The output is the line containing "dirty blue gold-tone" plus every later line down to the end of the listing below, copied exactly. No pictures belong in it.

_Collected data_:
※ ※ ※

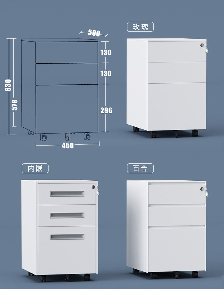 서랍이 있는 사무실 책상 밑 이동식 캐비닛, 잠금장치가 있는 다층 이동식 수납장, 새로운 모던 스틸 낮은 캐비닛
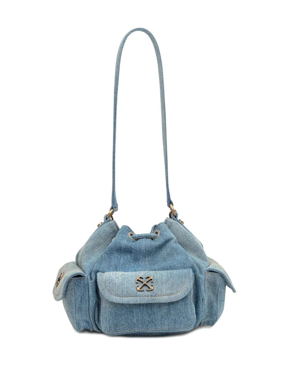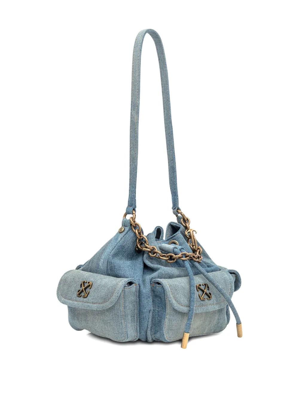 dirty blue gold-tone chain drawstring fastening front pockets metal logo
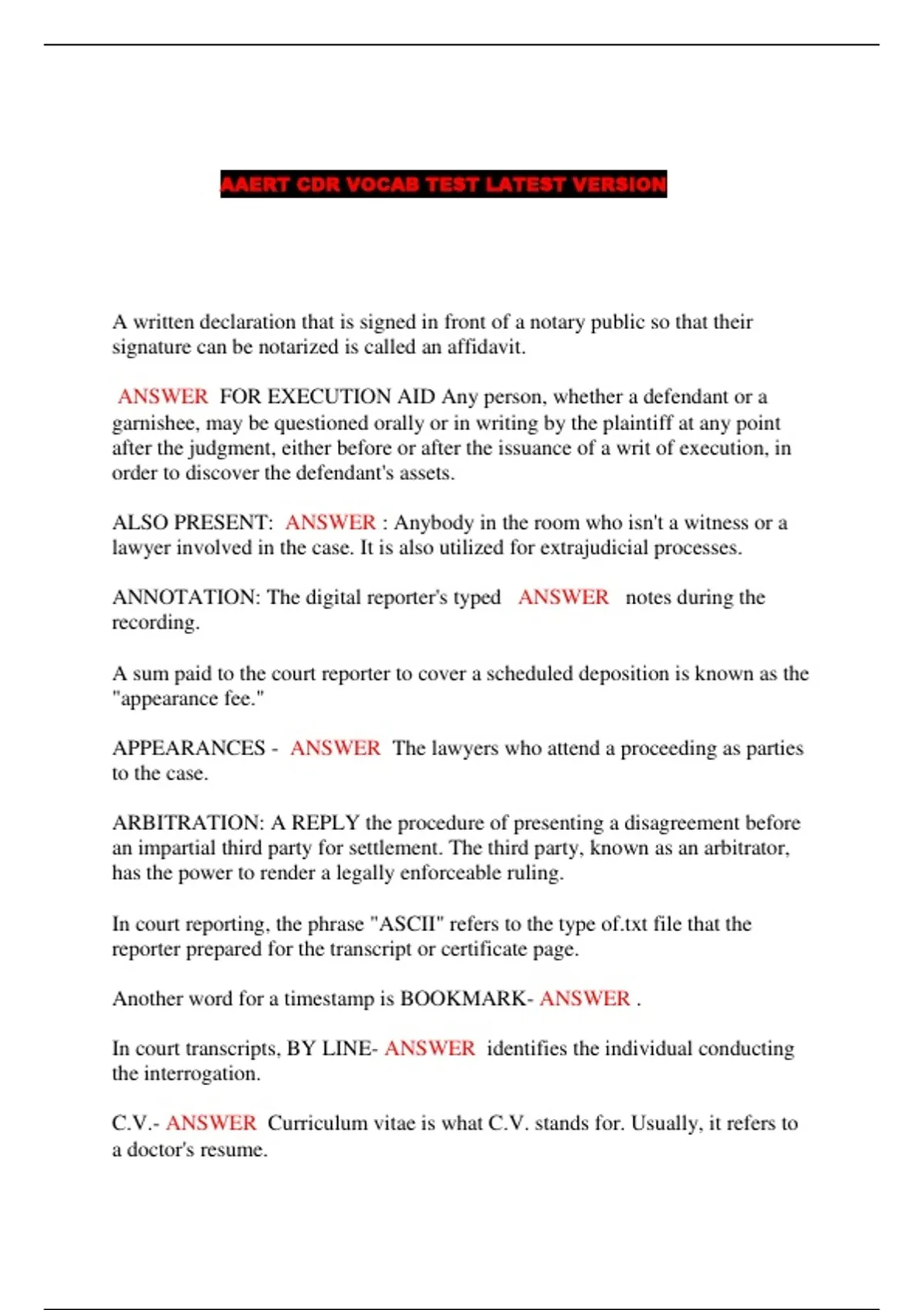 AAERT CDR VOCAB TEST LATEST VERSION
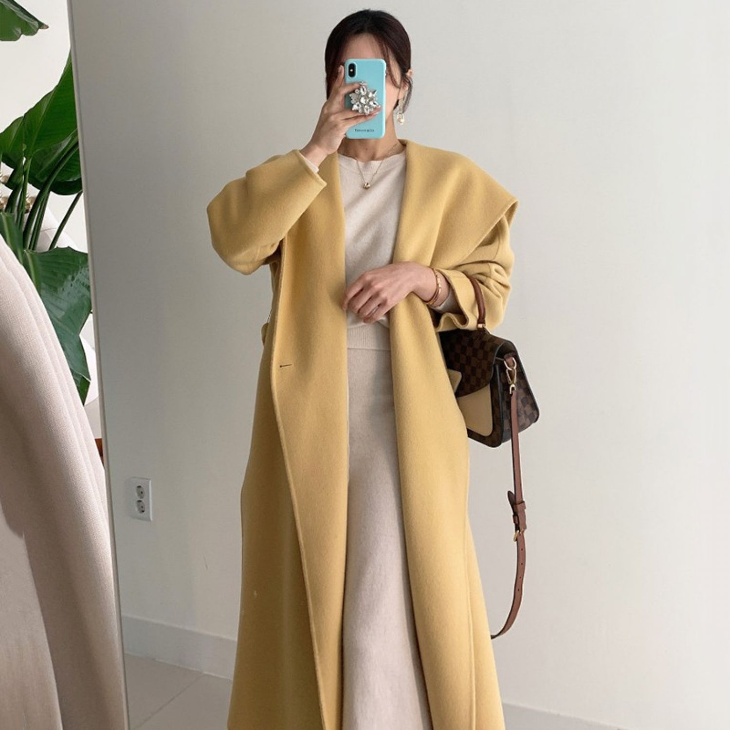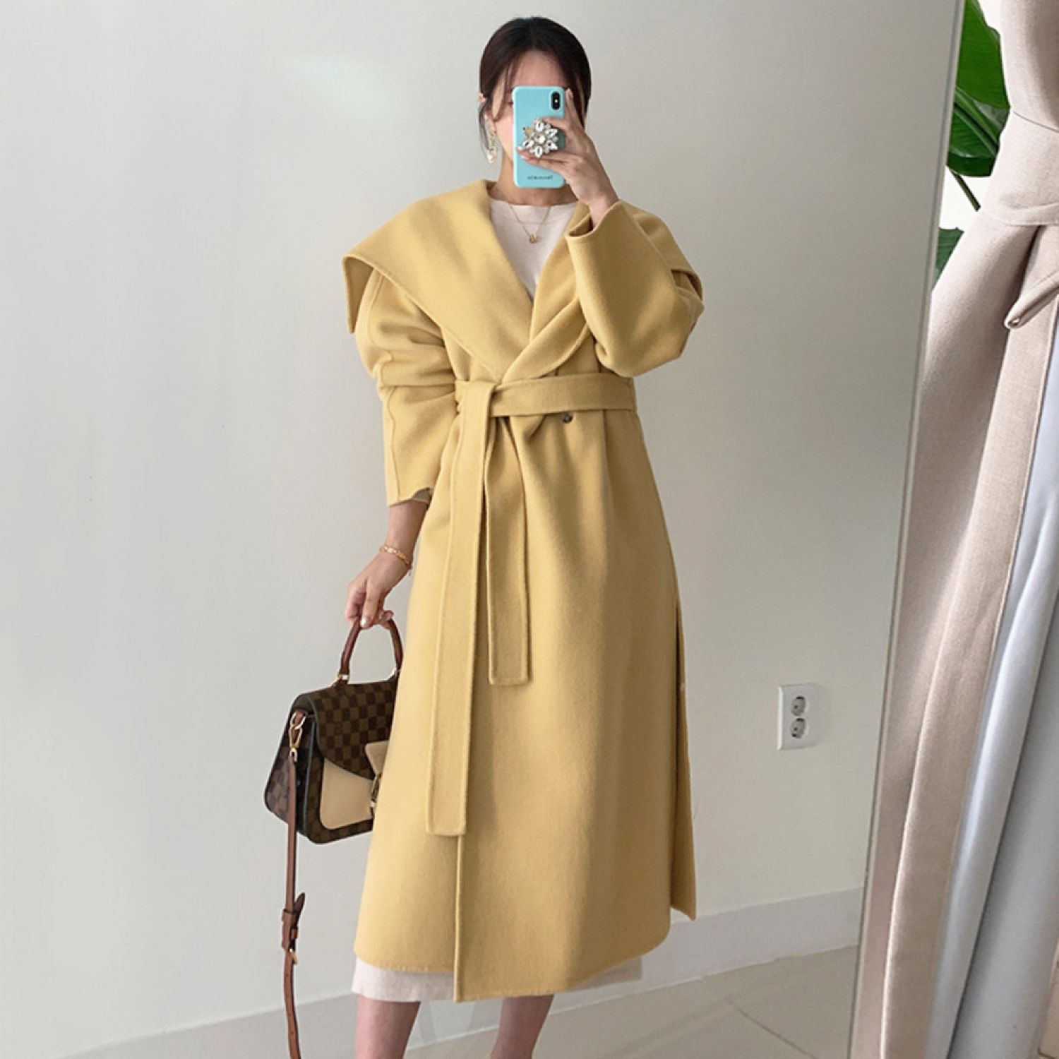 Large Lapel, One Button Lace Up Waist, Thin Coat Yellow One size

※ ※ ※

_Final answer_:
 dirty blue gold-tone chain drawstring fastening front pockets metal logo
 AAERT CDR VOCAB TEST LATEST VERSION
 Large Lapel, One Button Lace Up Waist, Thin Coat Yellow One size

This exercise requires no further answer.